As Nik Djogo Finds Himself, Notre Dame Finds An Invaluable Piece
Maybe it was during a senior season that produced 16 total points. Or after another nagging injury tanked some semblance of progress. Or amid a second straight year of decreased minutes and practice stardom never translating to gameday.
Whenever it was, Notre Dame coach Mike Brey couldn’t ward off the doubt regarding forward Nik Djogo’s career outlook — or lack thereof.
“I was wondering if we’d ever get there,” Brey said. “We redshirted him, so we thought we had a future. There was no question as a staff, we’re thinking, ‘Maybe it’s just not going to happen.’”
Fleeting pessimism didn’t turn into action, though. All offseason, Brey freely discussed his desire for Djogo to claim a sixth-man role in his final season. He’s a fifth-year senior who wanted to return and whom Brey invited back. His competition for the job would be primarily freshmen.

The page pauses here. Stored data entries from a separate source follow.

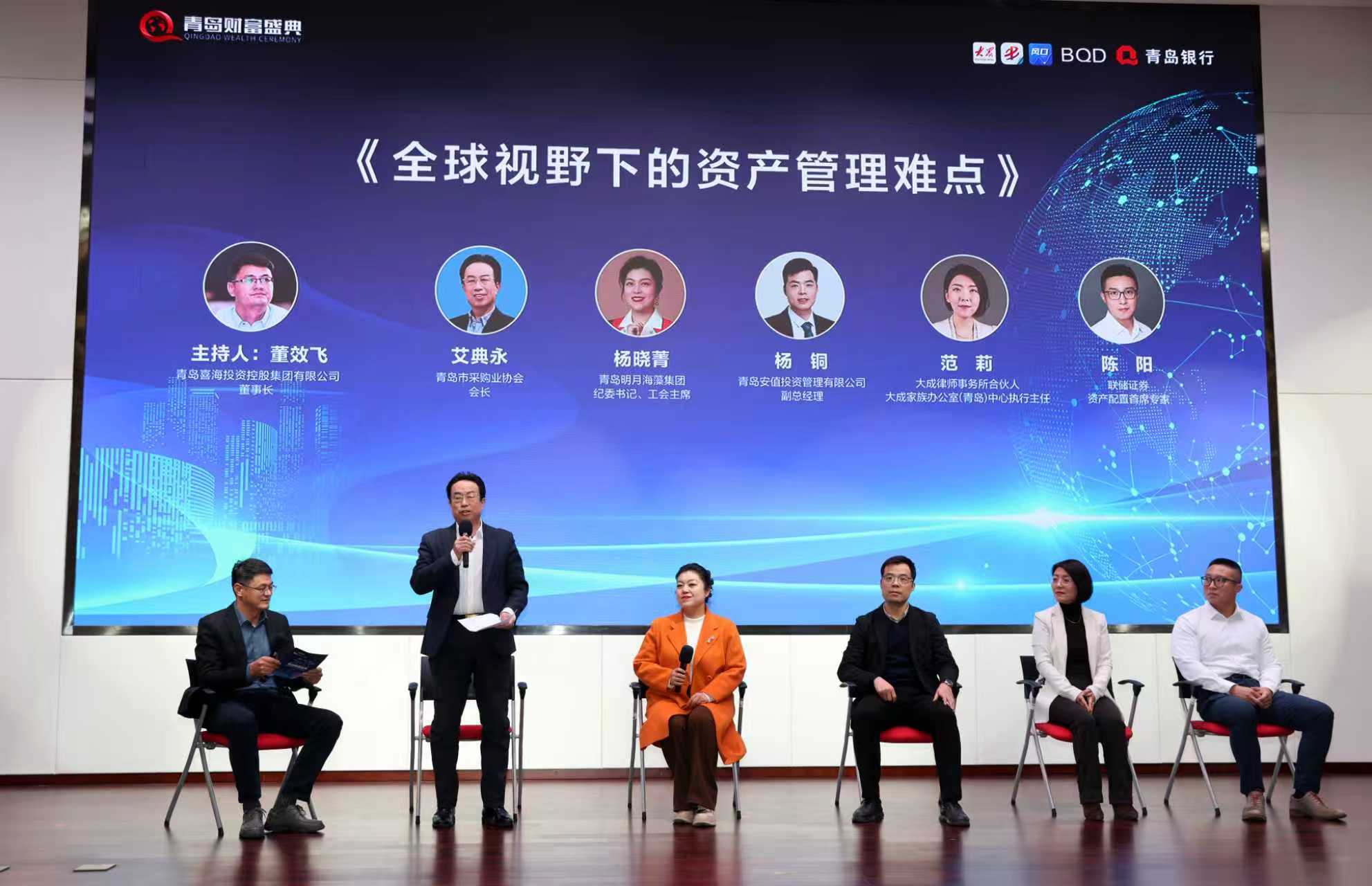 活动现场,青岛喜海投资控股集团有限公司董事长董效飞作为圆桌对话主持人,与青岛市采购业协会会长艾典永,青岛明月海藻集团纪委书记、工会主席杨晓菁,青岛安值投资管理有限公司副总经理杨铜,大成律师事务所合伙人、大成家族办公室(青岛)中心执行主任范莉,联储证券资产配置首席专家陈阳,共同围绕“全球视野下的资产管理难点”这一主题进行了深入探讨。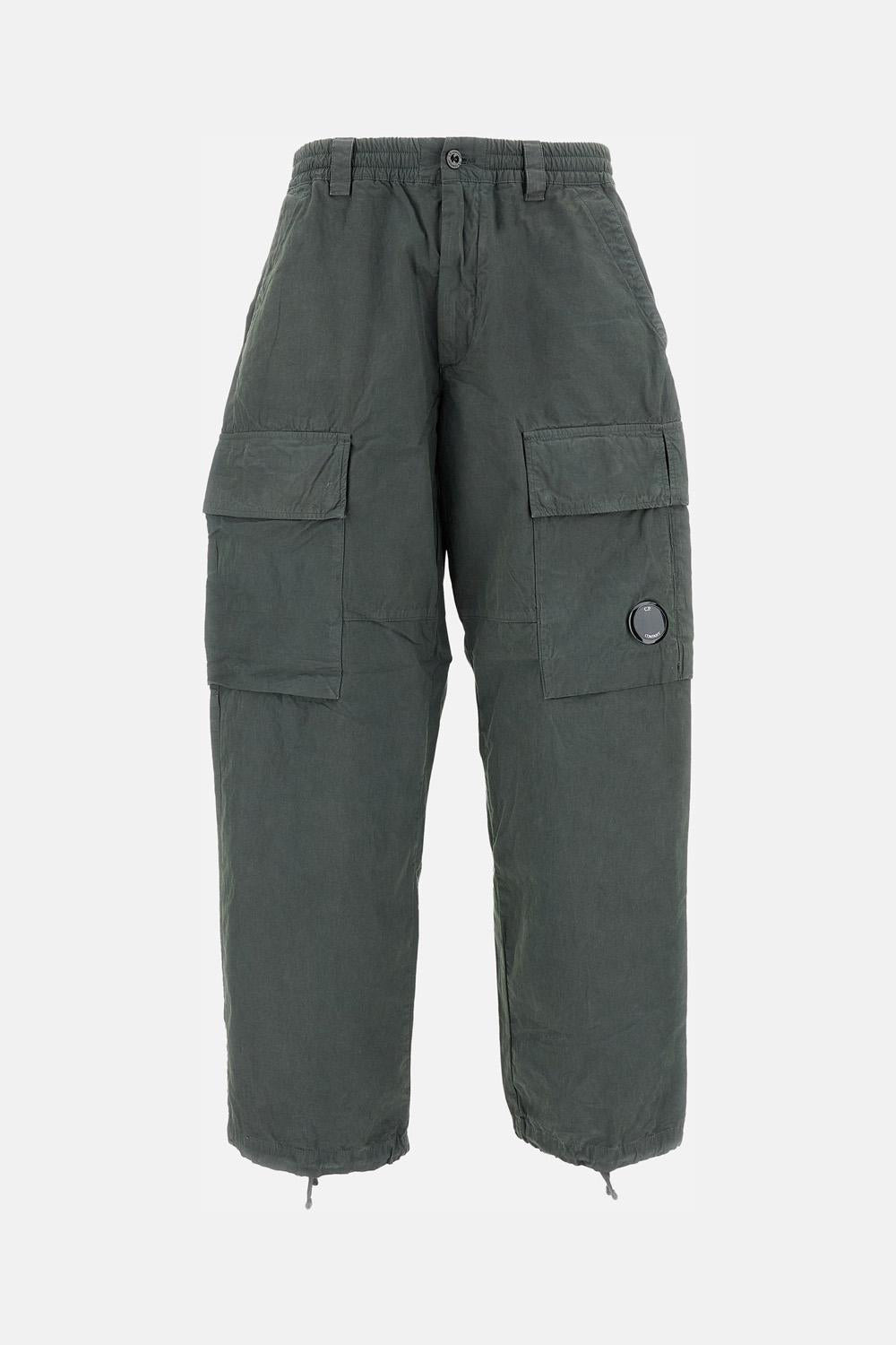 Loose Fit silhouette. Two cargo pockets, one with Lens C.P. Company detail. Belt loops. Zip and button closure. Made of compact rep nylon, durable and water-repellent. Matte surface. Green color. Details and Care Color: Blu Composition: 100% CO Made in: Tunisia Sku: 19CMPA066A110324G978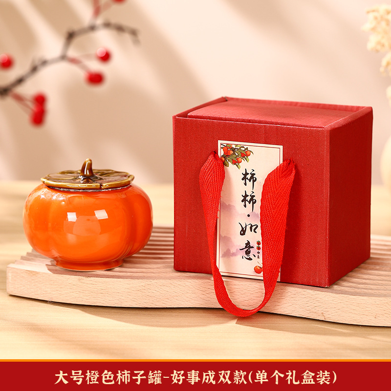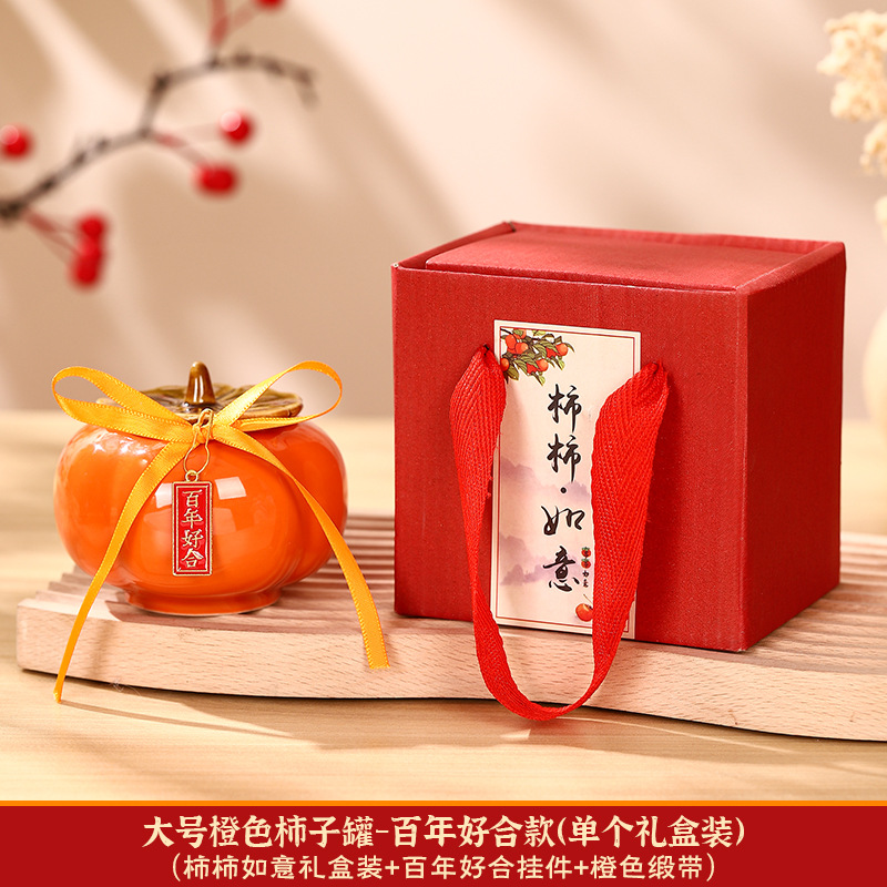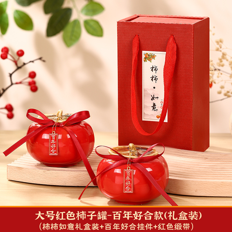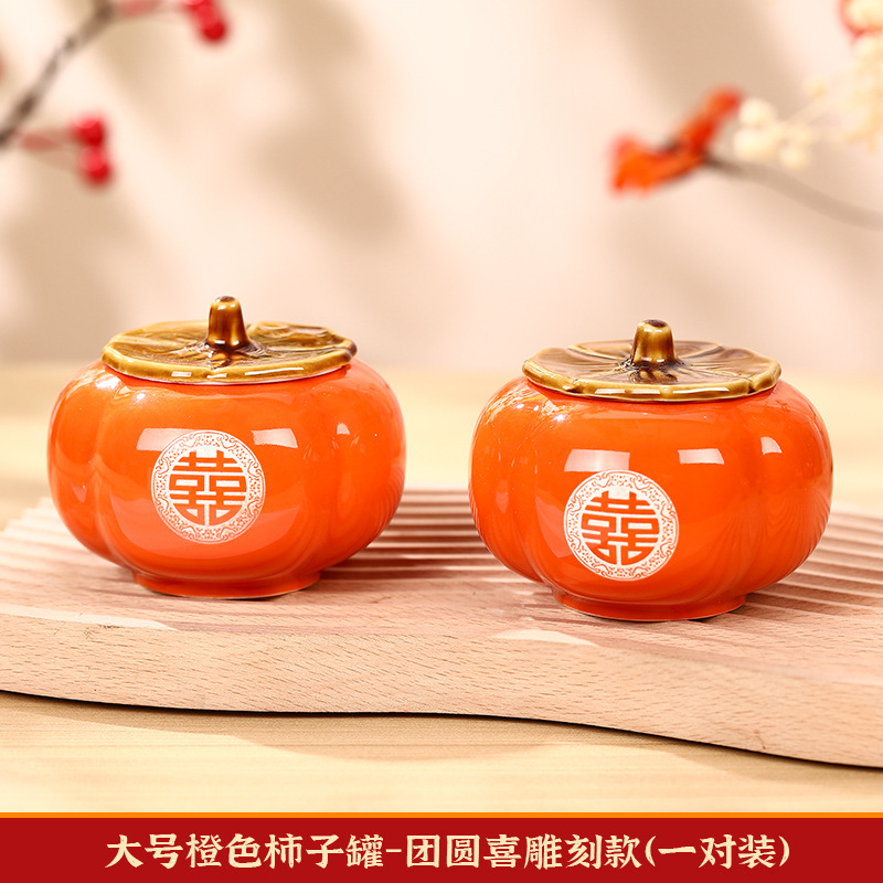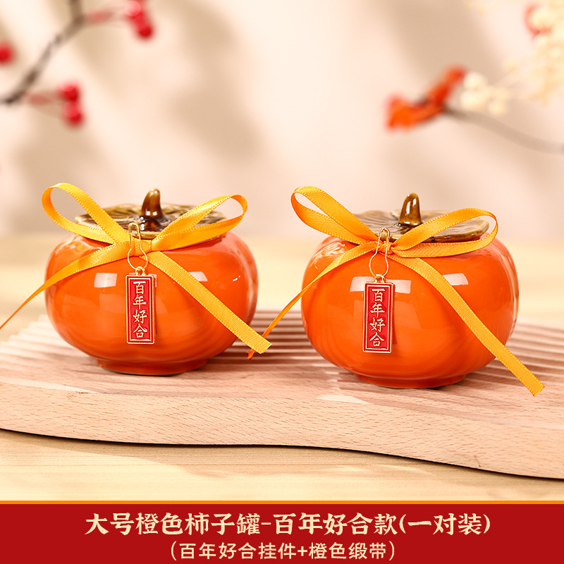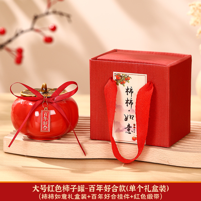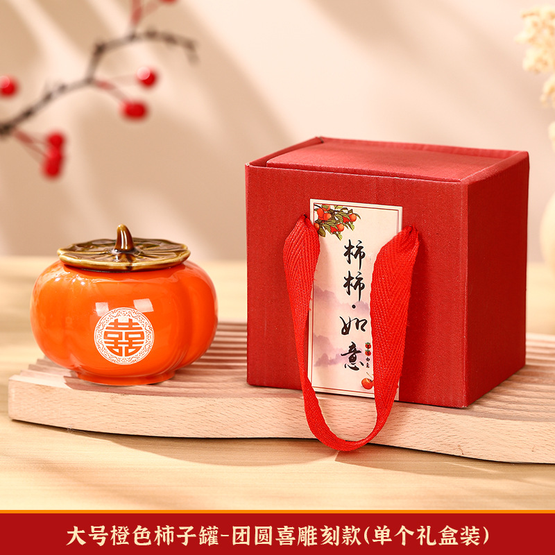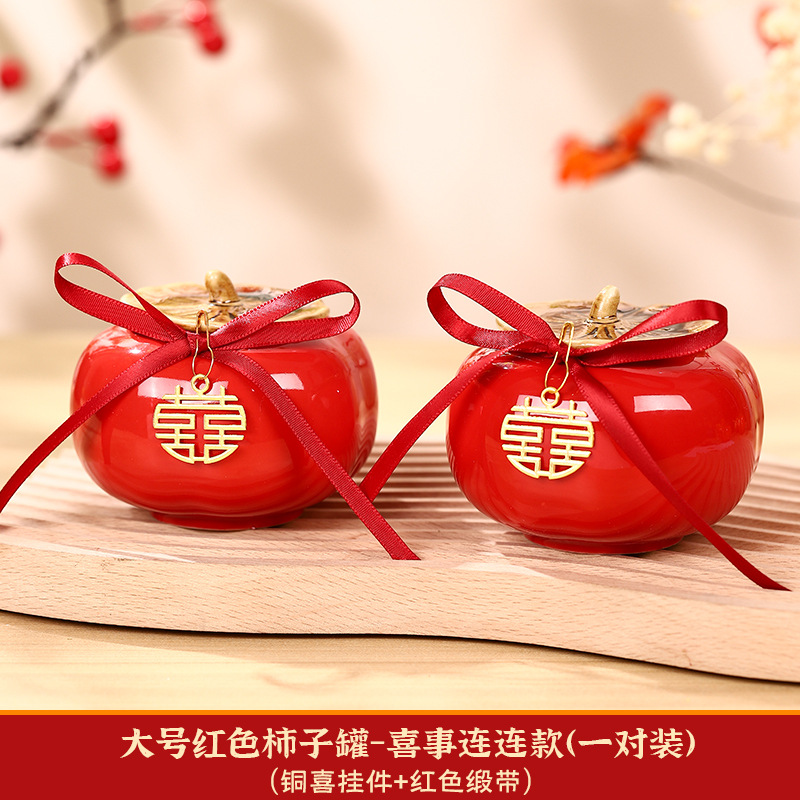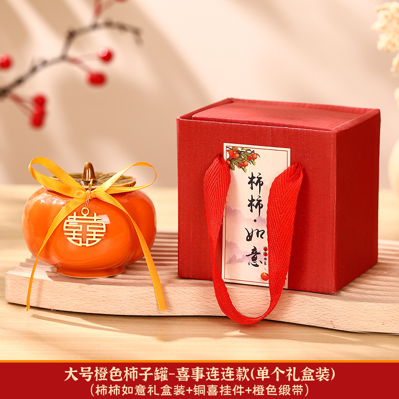 柿柿如意擺件結婚糖盒柿子罐婚禮裝飾伴手禮盒喜柿罐訂婚用品大全

No reason he can’t play 15 minutes a game as a multi-positional backup wing who could make some three-pointers and grab a few rebounds, Brey thought. Never mind that he averaged 5.2 minutes and 0.6 points in 25 games last year, barely visible and out of mind.
It felt like a risk and a low-upside proposal. Turns out, it has been anything but. And after Notre Dame’s 71-61 win over Miami Sunday night, one wonders where the Irish might be without him.
The answer is worse off.
“We all believe in him,” junior forward Nate Laszewski said.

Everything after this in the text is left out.